WHAT THIS TASK INVOLVES:
A complete answer retypes each of the records below precisely and includes none of the pictures.

---------- SOURCE MATERIAL ----------

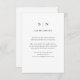 De här eleganterna, de moderna bröllop-gästkorten, har en enkel svartvit minimalistisk textdesign med initialer eller monogram. Du kan använda dessa kort för köranvisningar, mottagnings- eller transport-information, hotell- eller inkvarteringsinformation och alla andra bröllop-uppgifter som du behöver dina gäster för att veta.
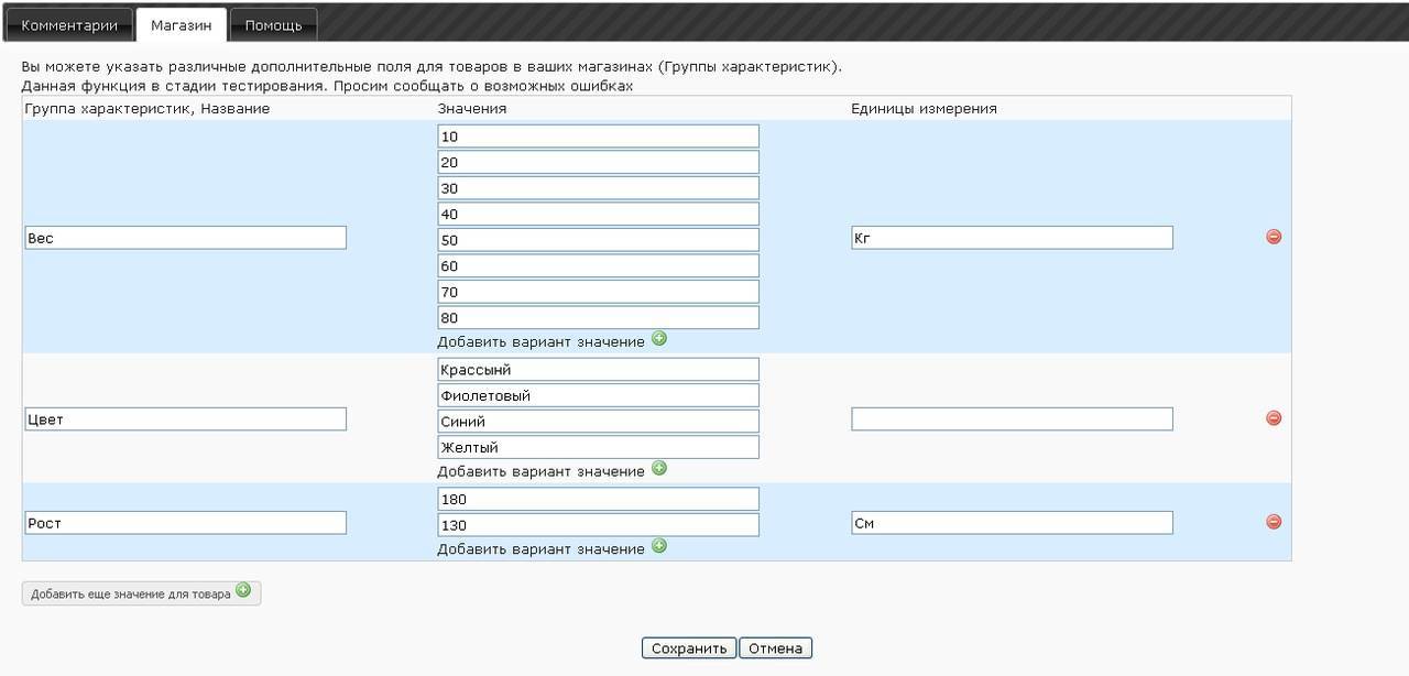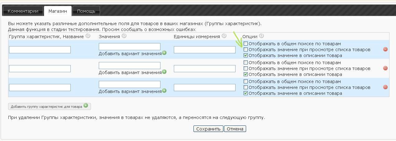 Настройки, в Админцетре, и выберите вкладку "Магазин". Создайте группу характеристик. После этого при редактировании/добавлении товара, Вы сможете указать значения из созданных групп характеристик. Группы характеристик открываются только если вы отрыли редактор товаров из Вашего домена.
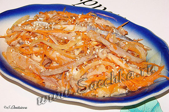- Сельдь откинуть на сито, а затем перемешать с овощами.
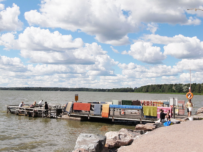 ヘルシンキの海のそばにはマット専用の洗濯スペース「マットライトゥリ」があり、自然分解される洗剤と海水を使って自分でラグを洗います。フィンランドの夏は濕度が低くカラッとしているため、洗ったらそのまま干しておけばすぐに乾きます。この洗濯風景は、夏の風物詩です。
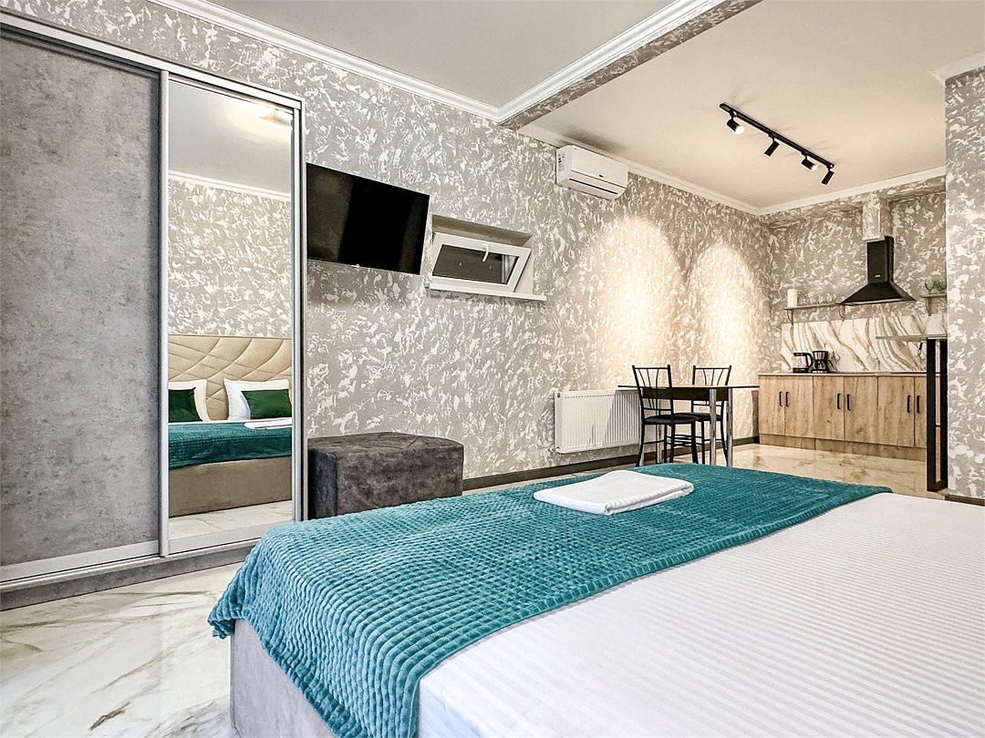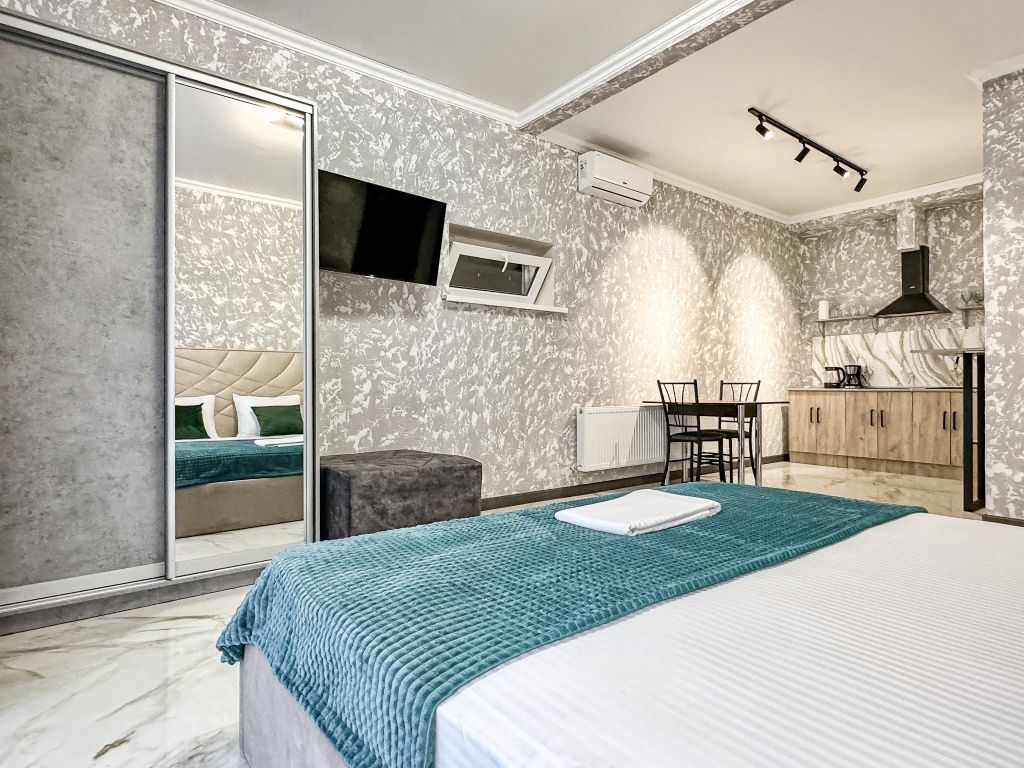 Однокомнатная студия с оборудованной кухней и кроватью King Size

----------

TASK ANSWER:
 De här eleganterna, de moderna bröllop-gästkorten, har en enkel svartvit minimalistisk textdesign med initialer eller monogram. Du kan använda dessa kort för köranvisningar, mottagnings- eller transport-information, hotell- eller inkvarteringsinformation och alla andra bröllop-uppgifter som du behöver dina gäster för att veta.
 Настройки, в Админцетре, и выберите вкладку "Магазин". Создайте группу характеристик. После этого при редактировании/добавлении товара, Вы сможете указать значения из созданных групп характеристик. Группы характеристик открываются только если вы отрыли редактор товаров из Вашего домена.
- Сельдь откинуть на сито, а затем перемешать с овощами.
 ヘルシンキの海のそばにはマット専用の洗濯スペース「マットライトゥリ」があり、自然分解される洗剤と海水を使って自分でラグを洗います。フィンランドの夏は濕度が低くカラッとしているため、洗ったらそのまま干しておけばすぐに乾きます。この洗濯風景は、夏の風物詩です。
 Однокомнатная студия с оборудованной кухней и кроватью King Size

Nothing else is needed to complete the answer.